The Indic data problem has been on every Indian AI researcher’s mind. One of the primary challenges in developing AI for Indian languages is the scarcity of high-quality data. Unlike English, which has a vast amount of digital content available, Indian languages lack sufficient natural data to train AI models.
“For Indian languages, or any language other than English, this has not been true [availability of data online], because of which we do not have a large amount of natural data,” Vivekananda Pani, the CTO and co-founder of Reverie Language Technologies, told AIM.
Various approaches are being considered to address this data problem. One involves using artificial methods to augment existing data, such as converting English data into Indian languages using machine translation.
However, Pani cautioned against relying solely on this approach. “The best way is not, let’s say, if we try to augment and continue to augment forever… because in the English language that’s not likely to happen,” he said.
Building a Rocket for Indic Languages
Pani advocates for a more sustainable solution: enabling people to create a large amount of natural data that can be fed back into AI systems. This includes leveraging content from various media formats, such as audio and video, which can be transcribed and used to train AI models.
Speaking about the need for building something like ChatGPT in India, Pani gave the perfect analogy. “Scaling the moon is actually a lot of distance. If you walk, it will take 25 lives, versus if you build a rocket today, you will reach it in a month.”
One problem that Pani pointed out is the standardisation of the Indian language in the digital world. Giving the example of the word “sahayogi”, Pani and his team explained that there are several ways in which people type the word on their phones.
This is also because there is no uniformity for Indian languages across different types of keyboards, while English is uniform across the board.
“Even if somebody doesn’t know English, but wants to send a message on WhatsApp, they tend to write the message in their native language using English letters,” Pani explained that it is only for the digital world, but when people write in books and letters, it is usually in native scripts.
Earlier while speaking to AIM, Raj Dabre, a prominent researcher at NICT in Kyoto, discussed the complexities of developing chatbots for Indian languages. If you type something in Hindi but in the Roman script, current AI models like Llama and others are able to process it to some degree.

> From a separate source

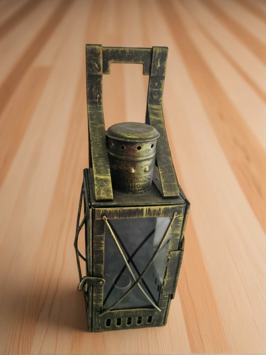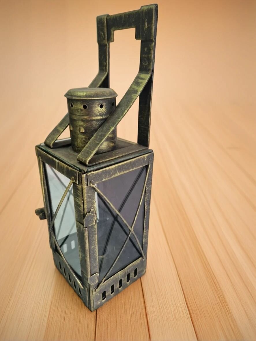 Подсвечник фонарь металлический "Железнодорожный" / Четырёхугольный, золотой фонарь отполированный информация:
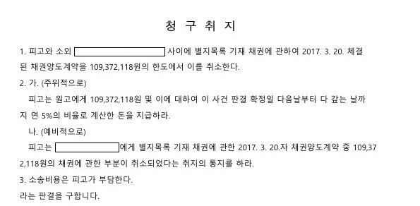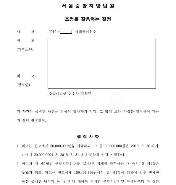 상대방이 사해행위취소를 주장하면서 가액배상으로 1억 900만 여원을 지급하라는 소송을 제기하였는데, 5,000만원으로 감액하는 내용으로 조정

Dabre and his team are working on training models in Romanised versions of Indic data, leveraging the knowledge in the English language, and transferring it to Indic languages.
“Technology has actually been a barrier in our case,” said Pani. He explained that this is something that needs to be addressed very quickly.
Working on the same issue is Pushpak Bhattacharyya, who was recently appointed as the chairman for the committee for standardisation in artificial intelligence, set up by the Bureau of Indian Standards (BIS)
Bhattacharyya argues that while existing LLMs can be adapted for Indian languages, creating specialised foundational models could lead to significant efficiency gains. Similarly, smaller models with less amount of data would also not be feasible in the longer run.
Native Languages for AI is a Need
At Reverie Language Technologies, Pani explained that the team has been working on this problem for a very long time, and building that ‘AI rocket’.
“We started in an era when there was absolutely zero Indian language data in the digital media,” he recalled, highlighting the progress made from their first speech model using only 100 hours of data to more recent models utilising at least 10,000 hours.
“In India, we still have less than 7% people who are fluent in English,” Pani explained that there is definitely a need for building an AI model in Indian languages, and not just relying on the models by the West.
Pani also addressed the startup scenario in India for fundamental research in AI. He notes that while historically, there has been a lack of investment in long-term research projects, the landscape is changing. “Now that OpenAI showed the world what is possible, people have a belief that this can be achieved and therefore let’s go and invest,” he observed.
Another issue is building hardware in India, which Pani explained is a lot harder. “On that front, we are far behind right now. We don’t have enough skills. We will have to import skills and it’s a very, very expensive process,” he said.
Agreeing with Bhavish Aggarwal’s recent comment on comparing OpenAI with East India Company, Pani said that a lot of data that Indian users “donate” to companies such as Google through their phones is kept with the company and is only accessible to Indian researchers if they pay for it.
“When you look at countries such as China and Japan, they have their computing world in their native language,” Pani added, saying there needs to be a bigger push from the government for putting standards and baseline fundamentals.
“These fundamentals today are actually governed by a few American companies and formed by them. So they would not really think of what is right for our country,” Pani concluded.